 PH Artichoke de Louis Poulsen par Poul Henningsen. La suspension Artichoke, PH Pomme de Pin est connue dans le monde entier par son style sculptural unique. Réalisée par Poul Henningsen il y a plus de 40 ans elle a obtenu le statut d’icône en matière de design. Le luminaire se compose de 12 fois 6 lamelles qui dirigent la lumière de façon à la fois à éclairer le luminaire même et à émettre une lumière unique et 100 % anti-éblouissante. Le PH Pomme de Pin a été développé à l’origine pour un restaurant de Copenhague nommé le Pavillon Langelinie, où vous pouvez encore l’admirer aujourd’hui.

* * *

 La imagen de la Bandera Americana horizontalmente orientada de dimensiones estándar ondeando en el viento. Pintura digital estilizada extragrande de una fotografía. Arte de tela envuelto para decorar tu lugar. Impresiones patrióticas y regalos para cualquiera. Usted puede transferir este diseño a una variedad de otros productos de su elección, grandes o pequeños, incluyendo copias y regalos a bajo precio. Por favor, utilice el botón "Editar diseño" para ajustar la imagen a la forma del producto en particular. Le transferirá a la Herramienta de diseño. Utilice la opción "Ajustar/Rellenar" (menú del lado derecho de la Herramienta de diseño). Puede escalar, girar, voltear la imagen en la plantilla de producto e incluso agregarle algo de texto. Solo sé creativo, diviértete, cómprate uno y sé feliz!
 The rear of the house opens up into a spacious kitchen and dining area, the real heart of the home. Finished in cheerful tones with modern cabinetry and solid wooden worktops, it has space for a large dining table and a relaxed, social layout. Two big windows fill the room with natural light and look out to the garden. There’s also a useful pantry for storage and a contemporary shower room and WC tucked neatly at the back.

#### [What the exercise asks]
Could you reproduce exactly the lines of the entries above, from the one with "La imagen de" through the one with "The rear of", and nothing else?

#### [Task result]
 La imagen de la Bandera Americana horizontalmente orientada de dimensiones estándar ondeando en el viento. Pintura digital estilizada extragrande de una fotografía. Arte de tela envuelto para decorar tu lugar. Impresiones patrióticas y regalos para cualquiera. Usted puede transferir este diseño a una variedad de otros productos de su elección, grandes o pequeños, incluyendo copias y regalos a bajo precio. Por favor, utilice el botón "Editar diseño" para ajustar la imagen a la forma del producto en particular. Le transferirá a la Herramienta de diseño. Utilice la opción "Ajustar/Rellenar" (menú del lado derecho de la Herramienta de diseño). Puede escalar, girar, voltear la imagen en la plantilla de producto e incluso agregarle algo de texto. Solo sé creativo, diviértete, cómprate uno y sé feliz!
 The rear of the house opens up into a spacious kitchen and dining area, the real heart of the home. Finished in cheerful tones with modern cabinetry and solid wooden worktops, it has space for a large dining table and a relaxed, social layout. Two big windows fill the room with natural light and look out to the garden. There’s also a useful pantry for storage and a contemporary shower room and WC tucked neatly at the back.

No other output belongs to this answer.